§ **WHAT YOU WILL DO**: Output must consist only of the lines of the material below from the one with "Mittels Handschachtung wird" through the one with "Our personalized keychains", each reproduced exactly; no pictures belong in it.

§ **EXERCISE MATERIALS**:

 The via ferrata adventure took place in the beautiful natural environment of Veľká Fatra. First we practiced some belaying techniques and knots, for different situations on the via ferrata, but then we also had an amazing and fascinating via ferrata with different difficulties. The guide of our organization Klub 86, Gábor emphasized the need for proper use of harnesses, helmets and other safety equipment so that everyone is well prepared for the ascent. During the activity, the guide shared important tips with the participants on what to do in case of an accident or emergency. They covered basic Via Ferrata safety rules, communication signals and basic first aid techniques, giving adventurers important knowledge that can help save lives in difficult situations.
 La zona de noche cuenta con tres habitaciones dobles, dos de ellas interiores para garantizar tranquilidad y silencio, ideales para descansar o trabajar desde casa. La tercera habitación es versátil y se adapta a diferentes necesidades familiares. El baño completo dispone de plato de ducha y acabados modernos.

==

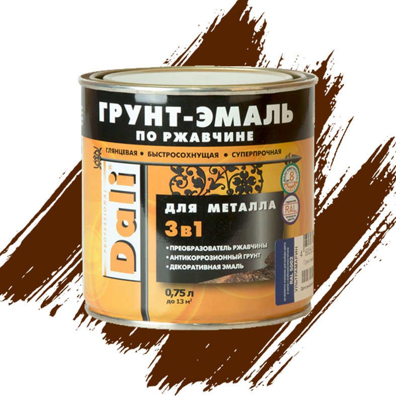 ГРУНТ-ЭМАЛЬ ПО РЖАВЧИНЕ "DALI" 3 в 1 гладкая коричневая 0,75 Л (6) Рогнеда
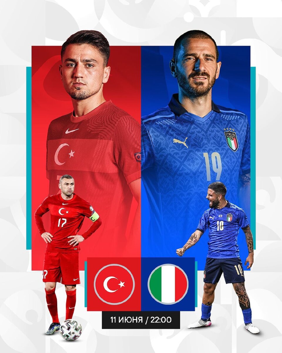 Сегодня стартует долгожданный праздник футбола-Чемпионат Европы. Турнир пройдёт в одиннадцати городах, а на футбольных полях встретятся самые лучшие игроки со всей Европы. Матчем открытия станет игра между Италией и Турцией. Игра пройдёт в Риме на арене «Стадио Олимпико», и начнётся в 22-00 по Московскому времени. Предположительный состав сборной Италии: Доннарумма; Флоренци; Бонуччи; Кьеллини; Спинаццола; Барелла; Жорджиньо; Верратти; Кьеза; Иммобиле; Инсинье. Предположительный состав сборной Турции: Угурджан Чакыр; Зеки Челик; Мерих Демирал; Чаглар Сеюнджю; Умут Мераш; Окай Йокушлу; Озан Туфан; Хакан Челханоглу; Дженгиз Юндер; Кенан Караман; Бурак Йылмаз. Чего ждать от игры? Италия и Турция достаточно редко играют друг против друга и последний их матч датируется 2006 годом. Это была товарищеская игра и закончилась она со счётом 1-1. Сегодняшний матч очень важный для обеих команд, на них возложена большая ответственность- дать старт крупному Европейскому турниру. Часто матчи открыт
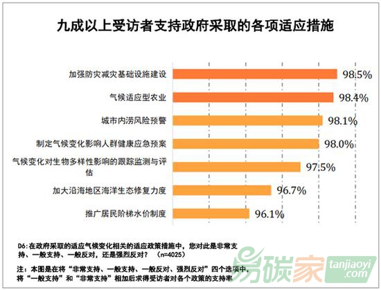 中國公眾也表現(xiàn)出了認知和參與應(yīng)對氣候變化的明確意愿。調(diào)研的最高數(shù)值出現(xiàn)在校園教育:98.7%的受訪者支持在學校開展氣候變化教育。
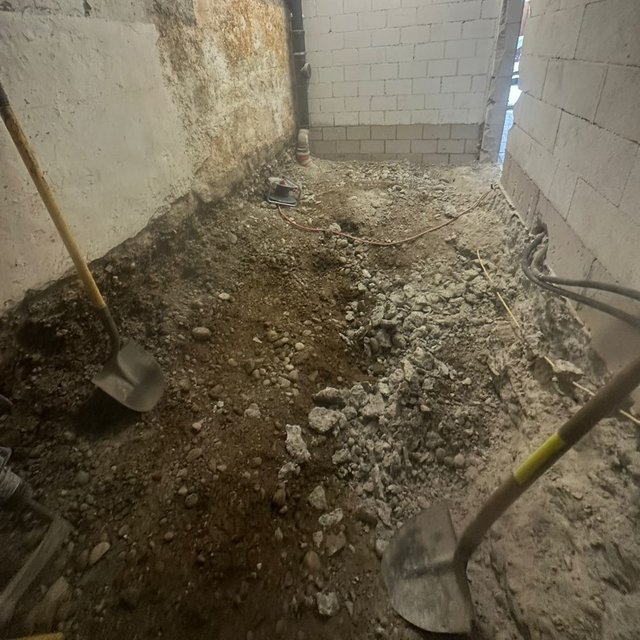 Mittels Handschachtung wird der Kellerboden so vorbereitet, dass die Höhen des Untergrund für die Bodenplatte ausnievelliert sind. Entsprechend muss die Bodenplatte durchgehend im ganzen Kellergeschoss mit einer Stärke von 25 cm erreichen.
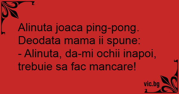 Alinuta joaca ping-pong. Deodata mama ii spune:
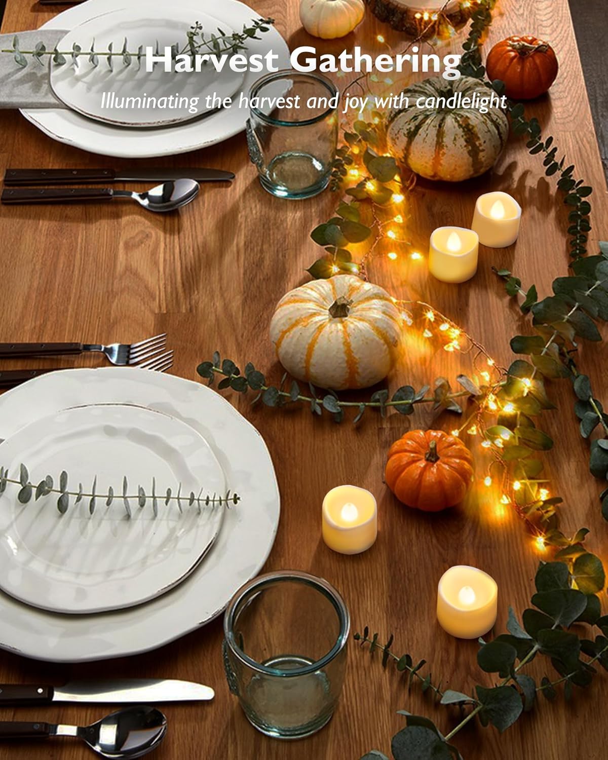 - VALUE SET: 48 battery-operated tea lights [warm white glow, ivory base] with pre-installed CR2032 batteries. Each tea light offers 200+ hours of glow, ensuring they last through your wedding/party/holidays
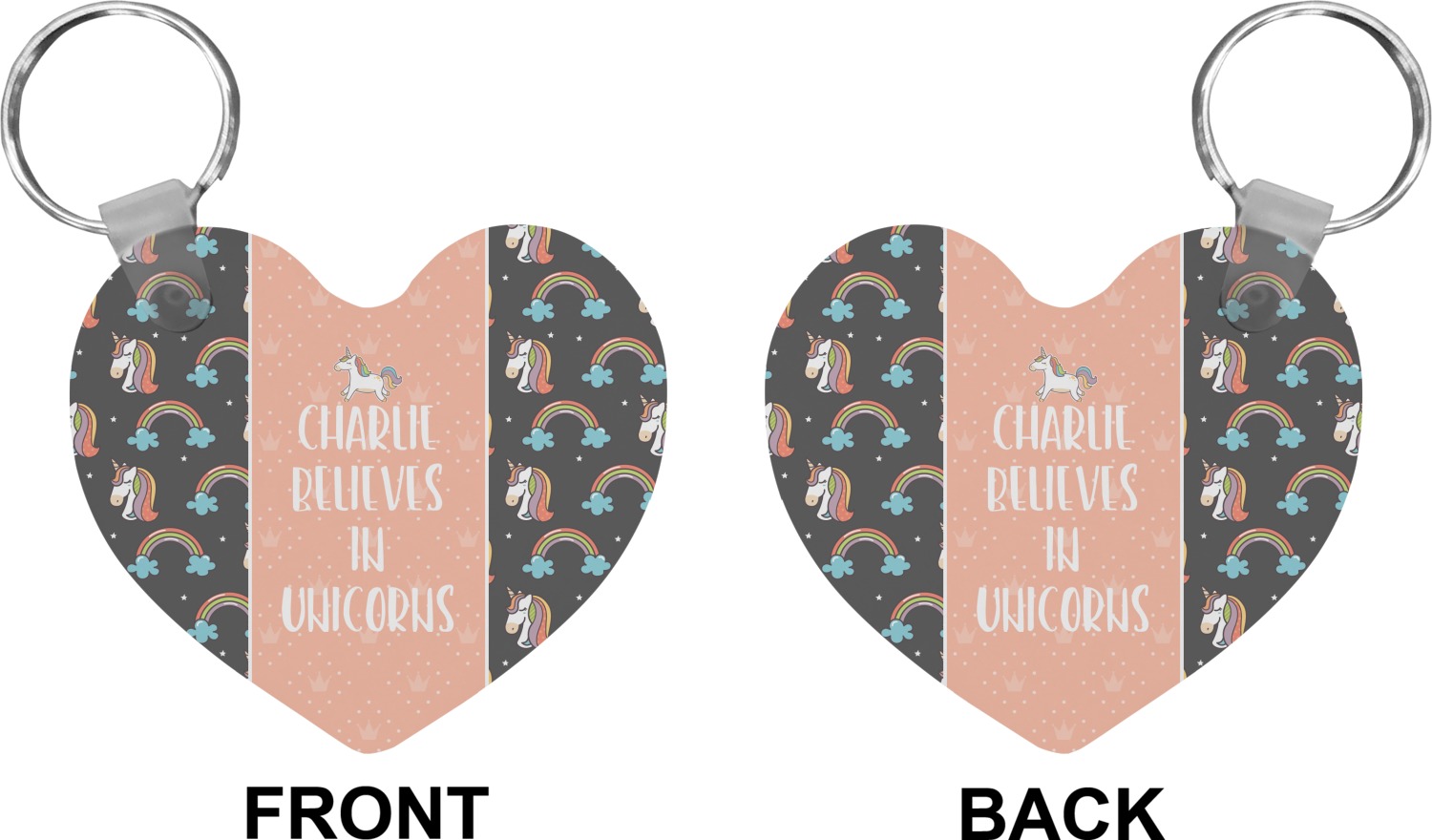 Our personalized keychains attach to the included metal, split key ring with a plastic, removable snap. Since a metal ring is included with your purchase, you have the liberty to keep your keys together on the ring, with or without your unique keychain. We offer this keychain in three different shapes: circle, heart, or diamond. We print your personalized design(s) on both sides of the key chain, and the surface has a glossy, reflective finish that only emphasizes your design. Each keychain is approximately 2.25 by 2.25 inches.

==

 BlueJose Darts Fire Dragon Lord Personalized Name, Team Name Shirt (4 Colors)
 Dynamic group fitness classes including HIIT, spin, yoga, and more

§ **WRITTEN RESPONSE**:
 Mittels Handschachtung wird der Kellerboden so vorbereitet, dass die Höhen des Untergrund für die Bodenplatte ausnievelliert sind. Entsprechend muss die Bodenplatte durchgehend im ganzen Kellergeschoss mit einer Stärke von 25 cm erreichen.
 Alinuta joaca ping-pong. Deodata mama ii spune:
 - VALUE SET: 48 battery-operated tea lights [warm white glow, ivory base] with pre-installed CR2032 batteries. Each tea light offers 200+ hours of glow, ensuring they last through your wedding/party/holidays
 Our personalized keychains attach to the included metal, split key ring with a plastic, removable snap. Since a metal ring is included with your purchase, you have the liberty to keep your keys together on the ring, with or without your unique keychain. We offer this keychain in three different shapes: circle, heart, or diamond. We print your personalized design(s) on both sides of the key chain, and the surface has a glossy, reflective finish that only emphasizes your design. Each keychain is approximately 2.25 by 2.25 inches.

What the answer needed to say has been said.